Husky Spray Serv. v. Patzer

471 N.W.2d 146 (S.D. 1991)



The fact that the written agreement contains a disclaimer of warranties does not preclude evidence of an oral warranty. Where the express representations made by seller are claimed to be inconsistent with the form language of the contract, parol evidence may be admitted to determine whether the written contract is a final expression of the parties' agreement and whether the warranty, or disclaimer thereof, was part of the bargain explicitly negotiated between the parties. N.D. Cent. Code § 41-02-09, UCC § 2-202. Under North Dakota law, the essential inquiry, i.e. whether the disclaimer was explicitly negotiated between the parties, requires that extrinsic evidence be admitted to determine the validity of an attempted disclaimer of warranties under N.D. Cent. Code § 41-02-33, UCC § 2-316. 

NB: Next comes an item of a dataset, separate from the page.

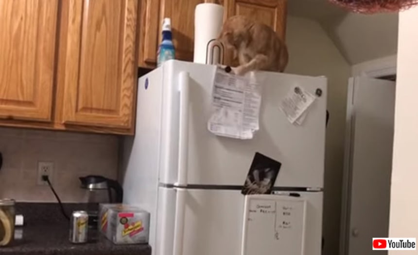 冷蔵庫のトップをとったものの、自分の制覇した冷蔵庫に紙が貼ってあるのが気に入らなかったのか、まずは1枚目を落としにいく。

There was conflicting evidence concerning warranties of airplanes sold to plaintiff, either in the contract, or in the conversations between the seller's corporate president and the buyer's pilots. After the sale, the plane's crop spraying equipment would not work, and the mechanic came to the buyer's location and repaired the magnetos. One of the engines then failed, and the buyer filed suit against the seller corporation, its president, and a mechanic, for damages for breach of express warranty and prejudgment interest. The trial court determined that the corporation's president made express warranties and entered judgment against him individually for the loss of a crop spraying job. The judgment was also against the corporation and included prejudgment interest. Defendants appealed to the Supreme Court of South Dakota, and the buyer appealed the denial of his implied warranty claim. 


Was the airplane buyer entitled to damages for a lost crop spraying job based on warranties either in the airplane purchase agreement or admissible as parol evidence.




The court affirmed the trial court finding that there was an express warranty and the damages based on the lost spraying job. The evidence was sufficient that the engine failure was not covered by implied warranty. The court reversed the liability of the president because the corporation protected him from a contract dispute, and there was no finding that he was negligent. The prejudgment interest was appropriate as the amount was reasonably ascertainable.